Output aggregation

DARL is a language that takes uncertainty very seriously, since it is intended to infer in circumstances where inputs and rules bear varying amounts of uncertainty.

The various run time tools for DARL ultimately output DarlVar data structures capable of containing multiple forms of uncertaintyfor each output. The name parameter will contain the output name. In each case the Value parameter contains a crisp, central value. The uncertainty information is held in other places, depending on the type.

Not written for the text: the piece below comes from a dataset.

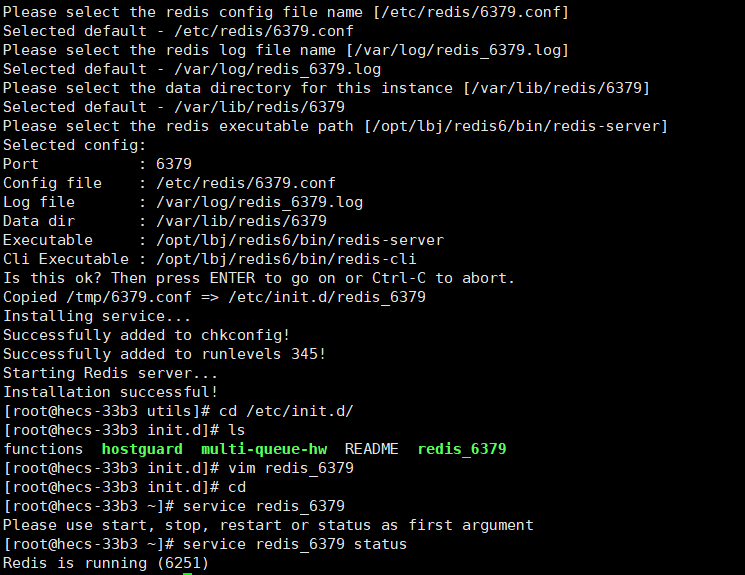 2.1.4.3 启动/停止命令是通过指令 service redis_6379 start/stop/stauts进行执行,redis_6379这类的是在/etc/init.d/xxx,是通过上面脚本配置的端口号自动生成的。

The three output types all aggregate data in different ways:

Numeric outputs

In the worst case, the DARL inference engine must aggregate multiple fuzzy sets, each with associated confidence values, to create a single crisp Value parameter and a fuzzy set representing the uncertainty. The central value is determined using the Centre of Gravity method. The Values parameter contains a sequence of doubles delineating the fuzzy uncertainty associated with the result in standard fuzzy set format.

Categorical outputs

Again in the worst case the rules may have caused multiple categories to be generated with different confidence levels. The Value parameter will contain the category name with the highest confidence. Where there is a tie, the category will be that produced by the rule that appears first in source file order. The Categories parameter will contain a dictionary of name,double pairs containing the alternate categories and their respective confidences.

Textual outputs

It is entirely possible that more than one rule will fire that controls a textual output. The texts are ordered according to confidence, and the Value parameter will hold the text with the highest confidence. Where there is a tie, the texts will be concatenated, separated by carriage returns if no other whitespace is present. The order will be that of the generating rules in the source document.